B. Failure to State a Claim Upon Which Relief Can Be Granted
Motions ■ pursuant to Federal Rule of Civil Procedure 12(b)(6) challenge whether the plaintiff has made sufficient factual allegations to state a claim upon which relief can be granted. In order to survive a motion to dismiss made under Rule 12(b)(6), the complaint must “state a claim to relief that is plausible on its face.” Bell Atl. Corp. v. Twombly, 550 U.S. 544, 557, 127 S.Ct. 1955, 167 L.Ed.2d 929 (2007). A claim is plausible on its face when the plaintiff alleges facts that “allow[] the court to draw the reasonable inference *1313that the defendant is liable for the misconduct alleged.” Ashcroft v. Iqbal, 556 U.S. 662, 678, 129 S.Ct. 1937, 173 L.Ed.2d 868 (2009). Mere legal conclusions or recitation of the elements of a claim are not enough. Twombly, 550 U.S. at 555, 127 S.Ct. 1955. District courts must accept all well-pleaded allegations within the complaint as true. Id. Courts must also view the complaint in the light most favorable to the plaintiff and must resolve any doubts as to the sufficiency of the complaint in the plaintiffs favor. Runnings v. Texaco, Inc., 29 F.3d 1480, 1483 (11th Cir.1994).
III. DISCUSSION
A. Count 1: Temporary Injunction
Defendants move to dismiss Count 1 on the basis that injunctive relief is not a cognizable claim, but rather a remedy that may be issued upon a finding of liability. (Doc. 32, pp. 4-5). While Plaintiffs do not dispute this principle, Plaintiffs contend that dismissal of Count 1 would be “technical” and would only “amount to form over substance,” especially in light of the Court’s ruling on Plaintiffs motion for in-junctive relief. (Doc. 47, ¶ 3).
The Court disagrees that a dismissal of Count 1 under Rule 12(b)(6) would be merely “technical.” It is well-established that each count within a plaintiffs complaint must “withstand scrutiny” under Rule 12(b)(6) by stating a claim for relief. Klay v. United Healthgroup, Inc., 376 F.3d 1092, 1097 (11th Cir.2004). It is equally well-established that injunctive relief is not a proper claim for relief in and of itself, but rather a remedy that is available upon a finding of liability on a claim. Alabama v. U.S. Army Corps of Eng’rs, 424 F.3d 1117, 1127 (11th Cir.2005); Transatlantic, LLC v. Humana, Inc., No. 8:13-CV-1925-T-17TBM, 2014 WL 5039667, at *9 (M.D.Fla. Sept. 30, 2014). Because injunctive relief is not a proper claim, Defendants’ motion to dismiss will be granted as to Count 1. Plaintiffs .may pursue injunctive relief as a remedy to any of the remaining claims stated in the Complaint.

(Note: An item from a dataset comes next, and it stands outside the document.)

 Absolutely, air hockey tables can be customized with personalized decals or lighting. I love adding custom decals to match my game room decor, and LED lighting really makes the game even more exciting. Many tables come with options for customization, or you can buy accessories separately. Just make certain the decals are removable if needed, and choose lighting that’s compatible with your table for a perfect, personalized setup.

B. Count 2: Foreclosure of Membership Interest/Issuance of Charging Order
The Florida Limited Liability Company Act (the “Florida LLC Act”), Fla. Stat. §§ 608.401-.705, provides that a judgment creditor to any member of a limited liability company may obtain a charging order against the member’s interest in the company or foreclose that interest in the company under certain circumstances. As to a charging order, the Florida LLC Act provides:
On application to a court of competent jurisdiction by any judgment creditor of a member or a member’s assignee, the court may enter a charging order against the limited liability company interest of the judgment debtor or assign-ee rights for the unsatisfied amount of the judgment plus interest.
Fla. Stat. § 608.433(4)(a). A charging order issued under this provision acts as a lien on the member’s interest in the limited liability company and grants the judgment creditor the right to receive distributions from the company which the member would have otherwise been entitled to receive. Id. § 608.433(4) (b).

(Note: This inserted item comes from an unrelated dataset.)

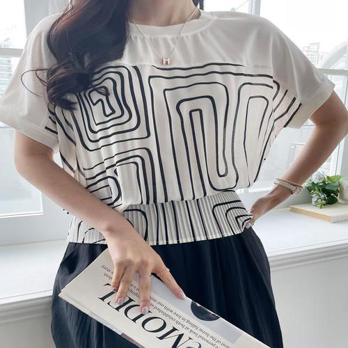 [신상오픈런]여성 여름 라운드넥 플리츠 반팔 티셔츠 블라우스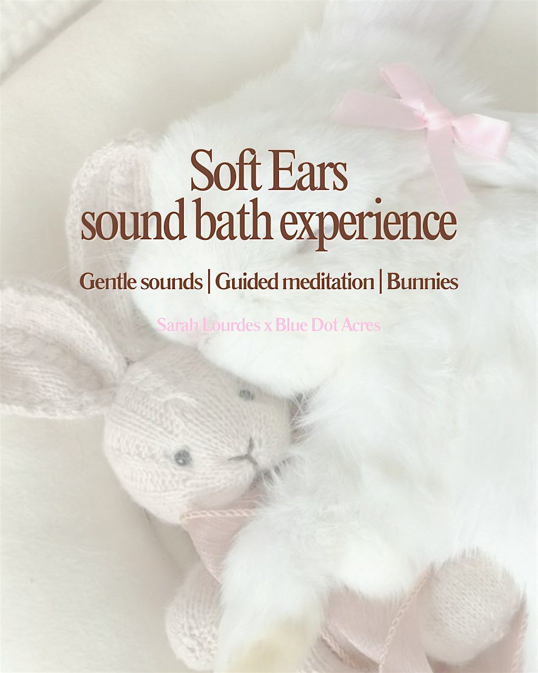 Because bunnies have very sensitive hearing, this experience will feature very gentle sounds paired with a calming, soothing guided meditation. The intention is to create a peaceful environment that feels safe and nourishing for both humans and animals.

Generally, “a charging order is the sole and exclusive remedy by which a judgment creditor ... may satisfy a judgment” from a member’s interest in a limited liability company or distributions therefrom. See id. § 608.433(5). However, where the limited liability company has only one member, the Florida LLC Act allows a judgment creditor to foreclose the member’s interest in the company as follows:
[I]f a judgment creditor of a member ... establishes to the satisfaction of a *1314court of competent jurisdiction that distributions under a charging order will not satisfy the judgment within a reasonable time, a charging order is not the sole and exclusive remedy by which the judgment creditor may satisfy the judgment against a judgment debtor who is the sole member of a limited liability company ..., and upon such showing, the court may order the sale of that interest in the limited liability company pursuant to a foreclosure sale. A judgment creditor may make a showing to the court that distributions under a charging order will not satisfy the judgment within a reasonable time at any time after the entry of the judgment and may do so at the same time that the judgment creditor applies for the entry of a charging order.

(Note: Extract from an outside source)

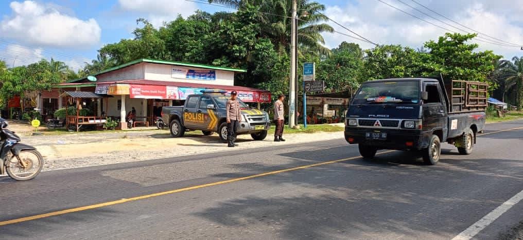 Patroli dipimpin oleh dua personel Polsek, yaitu AIPDA Roni Candra R. dan AIPDA Nurkamal, menyasar Jalur Lintas Timur di Kecamatan Pangkalan Lesung, Kabupaten Pelalawan.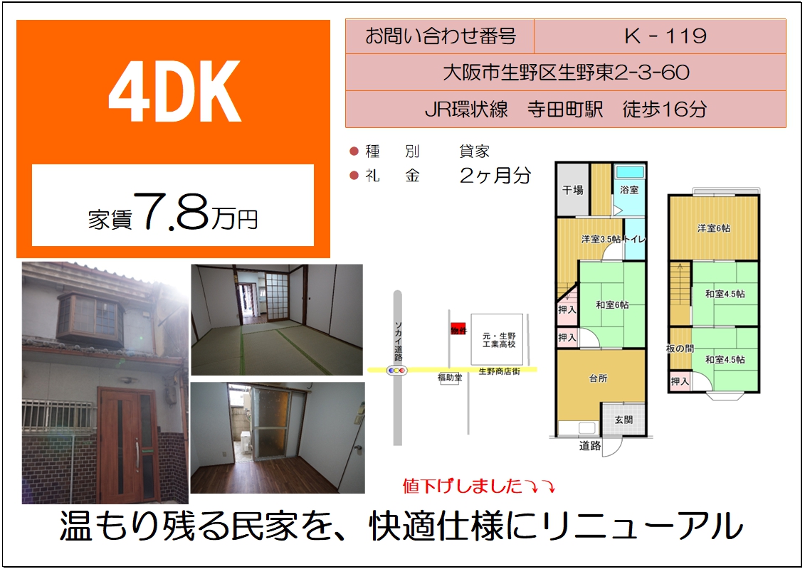 2階建・生野東2 | 2ヶ月分・7.8万円・4DK | |

Id. § 608.433(6). The purchaser of the member’s interest at a foreclosure sale steps into the shoes of the member for all purposes and the member loses all interests and rights in the company. Id. § 608.433(7).
Defendants challenge Count 2 on the grounds that this Court lacks jurisdiction to either foreclose Barber’s interest in Blaker or to enter a charging order against that interest. (Doc. 32, pp. 5-7). Defendants’ take the position that, because Blaker was organized under the laws of Nevis, it is a foreign limited liability company beyond the in rem or quasi in rem jurisdiction of this Court.4 (Id. at p. 7). In support, Defendants rely on a recent case from Florida’s Fourth District Court of Appeal, Sargeant v. Al-Saleh, 137 So.3d 432 (Fla.Dist.Ct.App.2014). (Id: at pp. 6-7). Plaintiffs take issue with the applicability of Sargeant to this case, stating that Sargeant concerns only interests in a corporation, which are legally distinct in many respects from an interest in a limited liability company. (Doc. 47, ¶¶ 5-7).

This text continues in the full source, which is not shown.